What you need to do
Among the lines of data below, reproduce only those from the one with "Made of polyester" through the one with "ASOS DESIGN –", exactly as they stand, both ends included.

Task inputs
┌──

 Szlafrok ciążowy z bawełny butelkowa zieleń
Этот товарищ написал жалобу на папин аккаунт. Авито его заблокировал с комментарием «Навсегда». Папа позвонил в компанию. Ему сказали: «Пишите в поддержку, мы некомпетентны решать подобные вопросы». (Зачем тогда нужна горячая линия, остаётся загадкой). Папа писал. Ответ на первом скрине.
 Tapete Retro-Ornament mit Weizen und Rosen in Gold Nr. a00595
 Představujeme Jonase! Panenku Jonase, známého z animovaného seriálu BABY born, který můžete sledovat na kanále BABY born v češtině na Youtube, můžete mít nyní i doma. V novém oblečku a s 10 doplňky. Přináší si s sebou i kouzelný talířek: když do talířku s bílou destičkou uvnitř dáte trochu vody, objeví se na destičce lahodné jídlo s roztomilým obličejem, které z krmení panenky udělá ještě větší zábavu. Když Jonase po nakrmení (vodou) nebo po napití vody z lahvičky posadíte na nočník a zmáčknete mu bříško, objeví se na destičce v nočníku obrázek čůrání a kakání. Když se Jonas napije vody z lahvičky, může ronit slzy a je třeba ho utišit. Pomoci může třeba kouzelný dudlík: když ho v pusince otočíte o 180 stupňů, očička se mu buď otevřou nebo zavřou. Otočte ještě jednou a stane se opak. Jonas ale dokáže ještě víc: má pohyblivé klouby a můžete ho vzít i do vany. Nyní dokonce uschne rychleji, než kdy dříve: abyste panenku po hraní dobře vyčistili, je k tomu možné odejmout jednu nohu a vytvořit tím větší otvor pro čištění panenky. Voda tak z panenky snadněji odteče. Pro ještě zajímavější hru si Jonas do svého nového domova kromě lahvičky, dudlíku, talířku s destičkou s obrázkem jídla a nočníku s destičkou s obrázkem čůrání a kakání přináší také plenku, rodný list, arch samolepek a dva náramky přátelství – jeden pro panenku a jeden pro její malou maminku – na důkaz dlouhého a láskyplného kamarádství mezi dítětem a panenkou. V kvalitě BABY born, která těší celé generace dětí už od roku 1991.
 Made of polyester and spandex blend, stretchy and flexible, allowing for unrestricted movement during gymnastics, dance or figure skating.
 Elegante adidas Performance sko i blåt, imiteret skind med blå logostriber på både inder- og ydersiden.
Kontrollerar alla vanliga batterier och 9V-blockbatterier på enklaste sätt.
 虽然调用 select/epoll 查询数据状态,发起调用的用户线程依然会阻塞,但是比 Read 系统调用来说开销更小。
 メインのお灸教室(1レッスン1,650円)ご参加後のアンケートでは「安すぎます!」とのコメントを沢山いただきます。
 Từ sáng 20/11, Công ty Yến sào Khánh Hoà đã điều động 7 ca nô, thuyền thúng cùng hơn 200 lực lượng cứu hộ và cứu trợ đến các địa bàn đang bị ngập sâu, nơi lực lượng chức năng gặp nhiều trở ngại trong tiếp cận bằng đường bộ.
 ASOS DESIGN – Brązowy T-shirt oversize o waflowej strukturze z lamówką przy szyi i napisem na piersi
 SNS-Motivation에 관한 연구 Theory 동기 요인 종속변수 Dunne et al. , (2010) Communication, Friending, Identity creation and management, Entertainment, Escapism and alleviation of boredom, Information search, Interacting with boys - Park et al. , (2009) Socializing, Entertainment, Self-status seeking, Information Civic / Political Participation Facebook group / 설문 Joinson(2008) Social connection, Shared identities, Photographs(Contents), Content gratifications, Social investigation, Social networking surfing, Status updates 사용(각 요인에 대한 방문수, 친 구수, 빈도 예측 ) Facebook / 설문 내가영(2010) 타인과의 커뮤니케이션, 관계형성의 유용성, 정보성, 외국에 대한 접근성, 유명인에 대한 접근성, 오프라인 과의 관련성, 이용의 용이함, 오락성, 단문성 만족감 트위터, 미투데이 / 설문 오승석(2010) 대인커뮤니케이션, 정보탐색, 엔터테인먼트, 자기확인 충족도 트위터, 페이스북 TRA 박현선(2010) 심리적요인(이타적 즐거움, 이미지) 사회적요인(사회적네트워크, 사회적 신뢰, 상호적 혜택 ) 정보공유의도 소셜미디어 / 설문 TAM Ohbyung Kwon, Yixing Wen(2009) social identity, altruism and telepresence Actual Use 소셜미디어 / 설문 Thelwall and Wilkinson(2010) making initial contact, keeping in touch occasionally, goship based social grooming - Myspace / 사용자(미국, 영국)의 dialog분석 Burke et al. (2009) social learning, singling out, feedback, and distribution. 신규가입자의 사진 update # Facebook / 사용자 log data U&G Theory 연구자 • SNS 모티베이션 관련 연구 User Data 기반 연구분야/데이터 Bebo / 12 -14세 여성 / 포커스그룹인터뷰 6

└──

Task response
 Made of polyester and spandex blend, stretchy and flexible, allowing for unrestricted movement during gymnastics, dance or figure skating.
 Elegante adidas Performance sko i blåt, imiteret skind med blå logostriber på både inder- og ydersiden.
Kontrollerar alla vanliga batterier och 9V-blockbatterier på enklaste sätt.
 虽然调用 select/epoll 查询数据状态,发起调用的用户线程依然会阻塞,但是比 Read 系统调用来说开销更小。
 メインのお灸教室(1レッスン1,650円)ご参加後のアンケートでは「安すぎます!」とのコメントを沢山いただきます。
 Từ sáng 20/11, Công ty Yến sào Khánh Hoà đã điều động 7 ca nô, thuyền thúng cùng hơn 200 lực lượng cứu hộ và cứu trợ đến các địa bàn đang bị ngập sâu, nơi lực lượng chức năng gặp nhiều trở ngại trong tiếp cận bằng đường bộ.
 ASOS DESIGN – Brązowy T-shirt oversize o waflowej strukturze z lamówką przy szyi i napisem na piersi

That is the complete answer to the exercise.